For HTTPS through an HTTP proxy, the client usually sends CONNECT host:443, then negotiates TLS through the tunnel. TLS-intercepting proxies terminate and reissue certificates, which changes the trust boundary.

Risks:

  • mTLS fails because the proxy cannot present the client certificate end-to-end.
  • ALPN or HTTP/2 support changes.
  • Certificate pinning fails.
  • SNI or policy routing differs from direct traffic.

Timeout Alignment

Every hop has timeouts: client, forward proxy, reverse proxy, load balancer, service mesh, app server, upstream client, and database client.
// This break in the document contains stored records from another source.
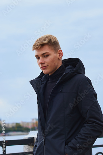 blond, city, guy, photogenic, portrait, male, jacket, man, person, caucasian, urban, young, acne, adult, fashion, model, posing, river, attractive, casual attire, lifestyle, looking, 1, embankment, fence, promenade, bask, blonde hair, people, leather, health, clothes, white, move, laugh, outside, russia, face, modern, style, cold, pocket, love, step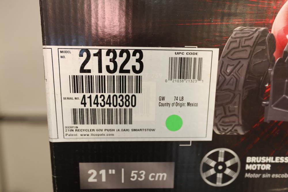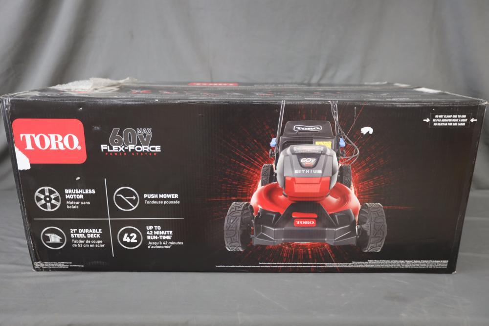Toro 21-inch 60V Max Flex-Force cordless push mower featuring a brushless motor, recycler cutting system, and up to 42 minutes of runtime. Includes a SmartStow feature for compact storage and is compatible with the Flex-Force battery system. New in box.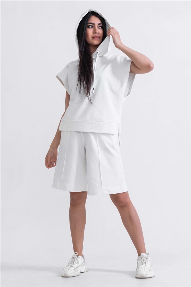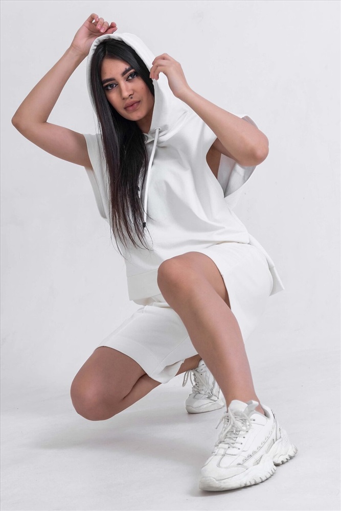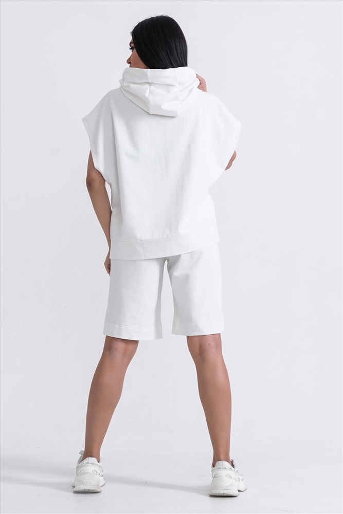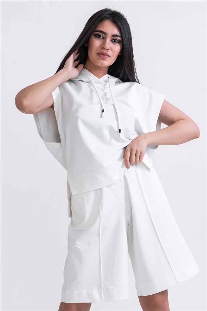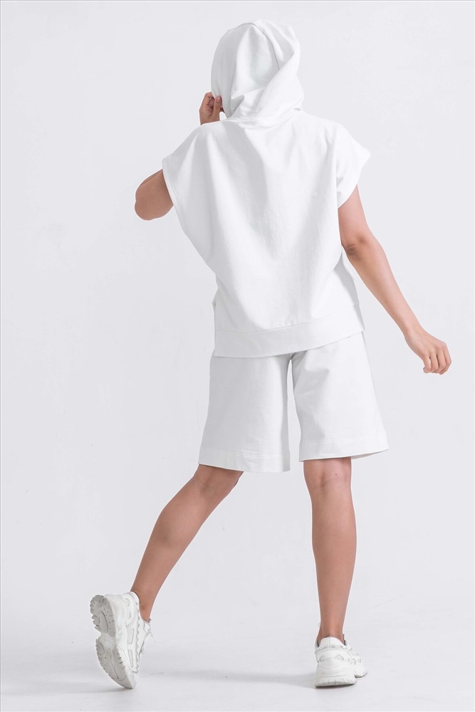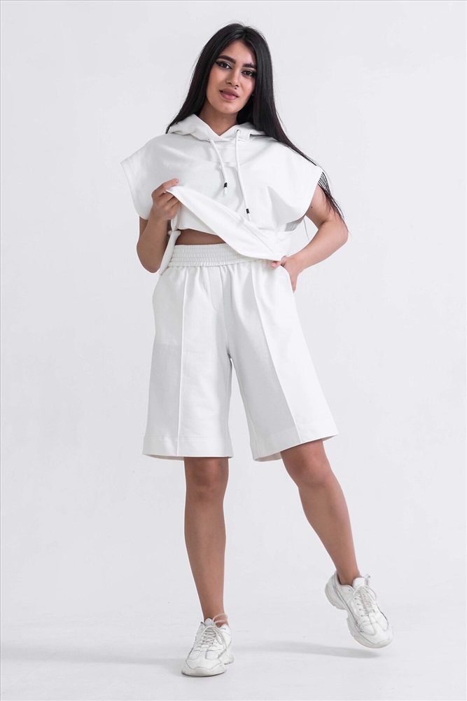 Страна производства: Россия Новый летний дизайнерский костюм в спортивном стиле. Костюм для базового гардероба стильной современной девушки. Отличное решение на каждый день, для прогулок, отдыха, путешествий, поездок на море и пикника, для шоппинга. Для любого возраста и телосложения. Комфортный и женственный фасон - укороченная жилетка-худи свободного кроя, шорты с карманами, удобным поясом-резинкой, подчеркивающим талию, высокой посадкой и прямого кроя. В капюшон жилетки вставлен шнурок, который придает дополнительную стильность костюму. Ткань легко гладится, приятная на ощупь. Во время носки костюм сохраняет форму, не мнется. Трикотажный костюм это удобно и практично. Вам не надо думать, что надеть, у Вас всегда есть в шкафу уже готовый модный образ. Шорты и жилетку-худи можно носить по отдельности. Жилетку-худи рекомендуем носить с топом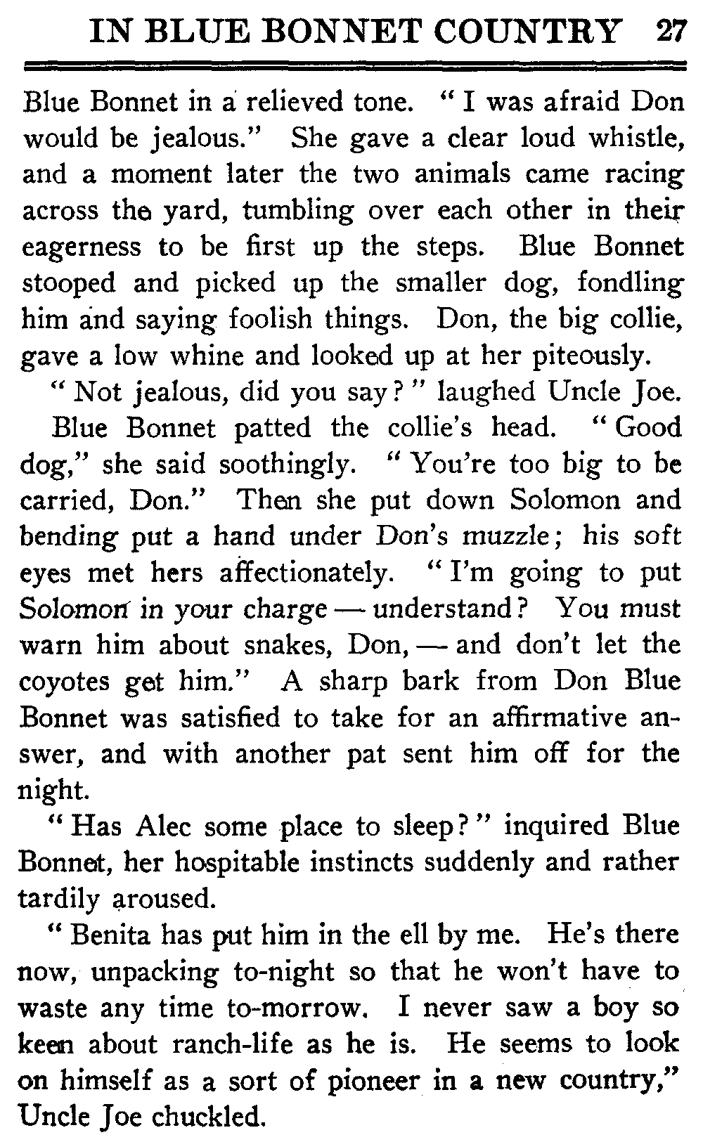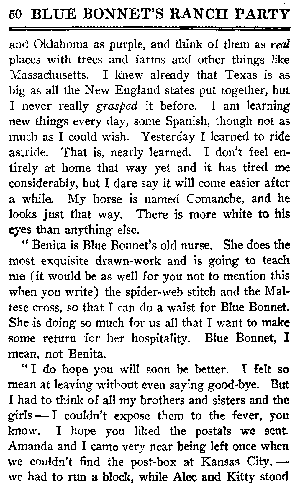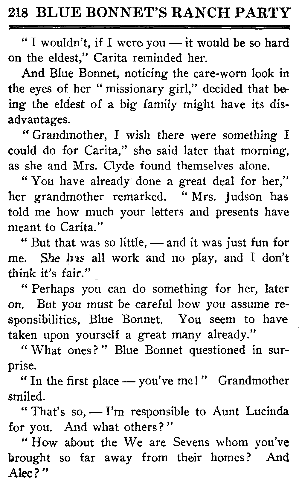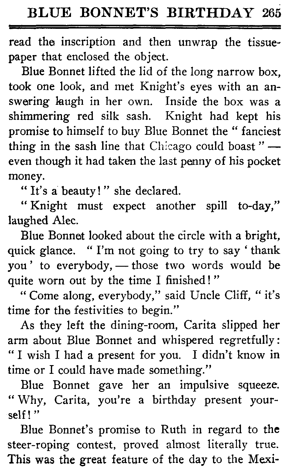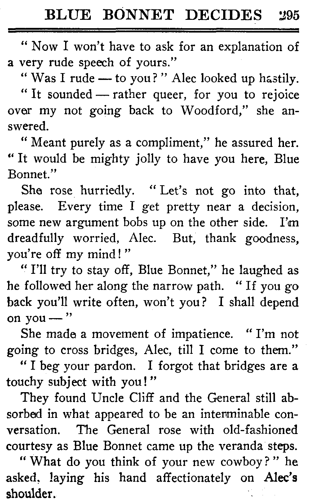 "Dear old Firefly! Won't I make it up to him though! Isn't it queer how many of my wishes have come true? It makes me feel almost—breathless. I no sooner got through wishing I could leave the ranch and go East and be with Grandmother—than I woke up in Woodford. And I wanted—thought I wanted—to be called Elizabeth. Blue Bonnet became Elizabeth!"

Good timeout alignment makes each upstream and downstream boundary fail in the intended order.

Common mismatch:

client timeout > load balancer idle timeout > app processing time

The middle hop closes an otherwise valid slow request, causing resets or 504 responses.

Runbook

  1. Reproduce with curl -v from the same network and namespace.
  2. Force DNS target with --resolve to separate DNS from HTTP.
  3. Compare HTTP/1.1 and HTTP/2.
  4. Print proxy variables and test direct path with --noproxy '*'.
  5. Inspect response headers to identify which hop generated the status.
  6. Check redirects, forwarded headers, and scheme handling.
  7. Align timeouts from client through every proxy and upstream.

Study Cards

Question

What does curl --resolve isolate?

Answer

It forces a hostname to a specific IP while preserving the Host header and SNI name.

Question

Why can X-Forwarded-Proto cause redirect loops?

Answer

The application may think HTTPS traffic arrived as HTTP and redirect back to HTTPS repeatedly.

Question

What does HTTP CONNECT do?

Answer

It asks an HTTP proxy to open a TCP tunnel to a target host and port.

Question

Why can proxy TLS interception break mTLS?

Answer

The proxy terminates TLS, so the original client certificate may not reach the upstream service end-to-end.